Task description:
Output, exactly and with no pictures, the line that contains "Урок посвящен изучению" and every line that comes after it in the data below, the last one included.

Source material:
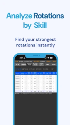S SoloStats123, uživo pratite dinamiku svake izmjene, precizno bilježeći servise, dodavanja i rotacije kako se utakmica odvija. Imate trenutačan pristup ključnim podacima poput učinkovitosti napada, uspješnosti servisa, preciznosti primanja i postotka osvojenih poena nakon servisa protivnika. Detaljno prikupljajte brojeve asova, grešaka na servisu, ocjene primanja (0-3), realiziranih napada, pokušaja, blokova i obrana. Automatsko bodovanje i praćenje rotacija omogućuju vam da ostanete usredotočeni na strategiju, dok aplikacija pedantno obrađuje podatke. Dodatno, SoloStats123 nudi neograničeno praćenje timova i utakmica, dostupno potpuno besplatno.
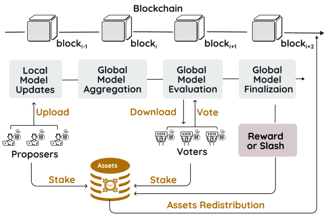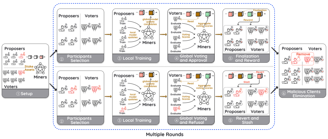 每一轮 FL 训练中,参与者将被随机选中参与两种类型的行动,提议(上传本地更新)和投票。聚合者(可以是区块链矿工或者其他 FL 链下聚合者)将对收到的本地更新进行聚合从而得到全局聚合。如果大多数投票接受全局聚合,提议者将退还其抵押的代币,而投票接受的投票者不仅会退还,而且还会获得投票拒绝的投票者的抵押代币的奖励,反之亦然。
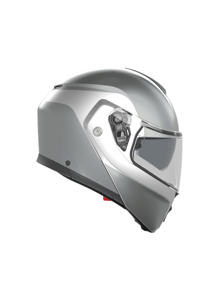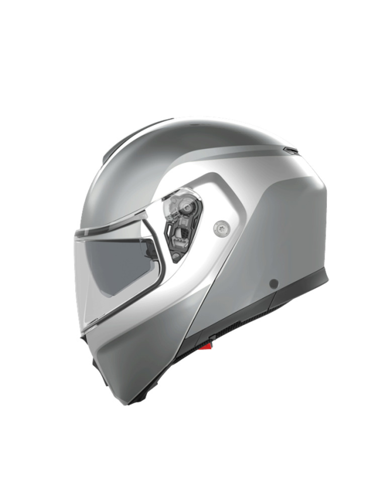 AGV Streetmodular to szczękowy kask motocyklowy, który sprawi, że podróże motocyklowe wskoczą na zupełnie inny poziom. Cała konstrukcja wyróżnia się solidnością i wytrzymałością, dzięki zastosowaniu tworzywa termoplastycznego HIR-TH (High Resistance Thermoplastic). W aspekcie bezpieczeństwa warto również wspomnieć o tym, że w wewnętrznej części kasku znajdziemy piankę EPS dostępną w trzech rozmiarach. Pozostając przy temacie wnętrza kasku szczękowego Streetmodular należy wspomnieć o antybakteryjnej wyściółce 2Dry, która odpowiada za optymalne odprowadzanie wilgoci. Ponadto jest ona w pełni wyjmowana, dzięki czemu w łatwy sposób można ją poddać procesowi prania. Istotnym elementem tego modelu jest odporny na zarysowania (powłoka Anti-Scratch) wizjer, który przystosowano do montażu Pinlocka (dostępny w zestawie). Za pomocą mechanizmu XQRS (Extra Quick Release System) szybkę można błyskawicznie wymienić bez użycia narzędzi, a cały proces potrwa zaledwie kilka sekund. Projektanci kasku pomyśleli również o podróżowaniu motocyklem w słoneczne dni, dlatego w tym modelu znajdziemy również blendę przeciwsłoneczną. W kasku szczękowym AGV Streetmodular mamy do czynienia z zapięcie mikrometrycznym, które jest bardziej znane pod nazwą MicroLock.
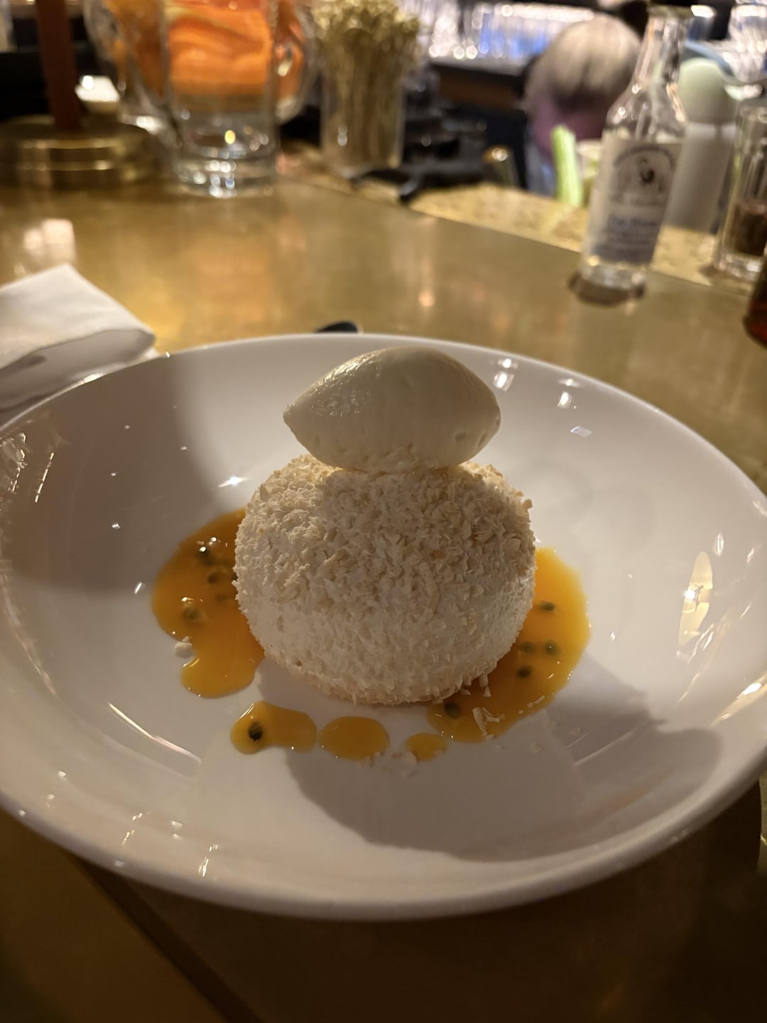 For dessert I got the coconut passion fruit pavlova, which was an ideal balance to my starchy meal. I’m not really into chocolate or toffee pudding and this was the only lighter/fruity dessert. I had to stop myself from licking the plate.
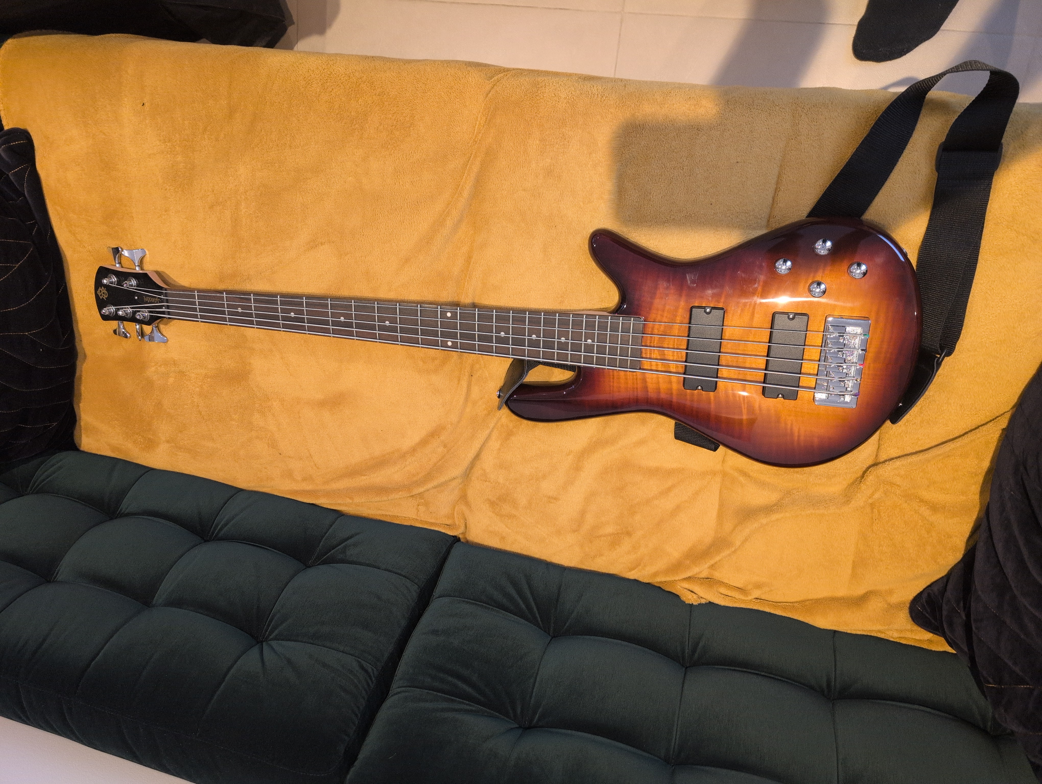 Bonjour a tous et a toutes.Je vend une spector legend 5 en parfait état. Elle sonne très bien, elle est légère, agréable, et elle est couleur sunburst. Je m'en sépare parce que je voudrais monter de gamme, mais c'est un excellent rapport qualité prix.
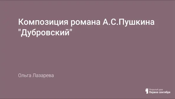 Урок посвящен изучению композиции романа А.С.Пушкина "Дубровский".
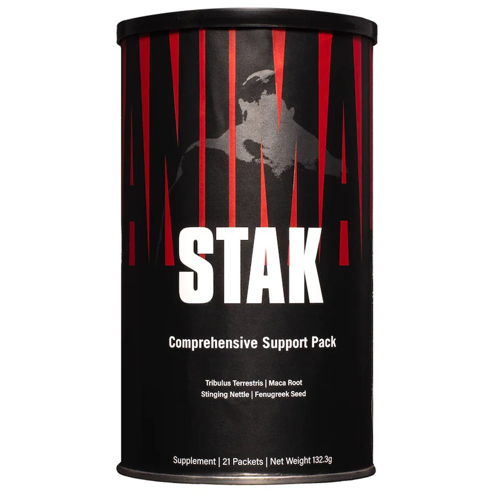 Animal Stak es un suplemento integral, natural y anabólico diseñado para ayudar a los hombres a desarrollar músculo magro. El suplemento está repleto de cinco complejos únicos para aumentar los niveles naturales de testosterona y apoyar la elevación de la hormona del crecimiento (GH), lo que le brinda una mayor masa muscular, fuerza, energía y vitalidad.
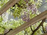 藤棚の野田藤が咲き始めました。 正面玄関前は春色でいっぱいです。
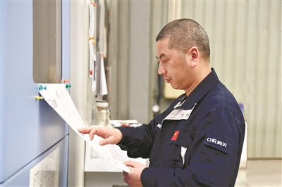 | 林绿胜在车间检验复杂零件加工图纸。 |

Response:
 Урок посвящен изучению композиции романа А.С.Пушкина "Дубровский".
 Animal Stak es un suplemento integral, natural y anabólico diseñado para ayudar a los hombres a desarrollar músculo magro. El suplemento está repleto de cinco complejos únicos para aumentar los niveles naturales de testosterona y apoyar la elevación de la hormona del crecimiento (GH), lo que le brinda una mayor masa muscular, fuerza, energía y vitalidad.
 藤棚の野田藤が咲き始めました。 正面玄関前は春色でいっぱいです。
 | 林绿胜在车间检验复杂零件加工图纸。 |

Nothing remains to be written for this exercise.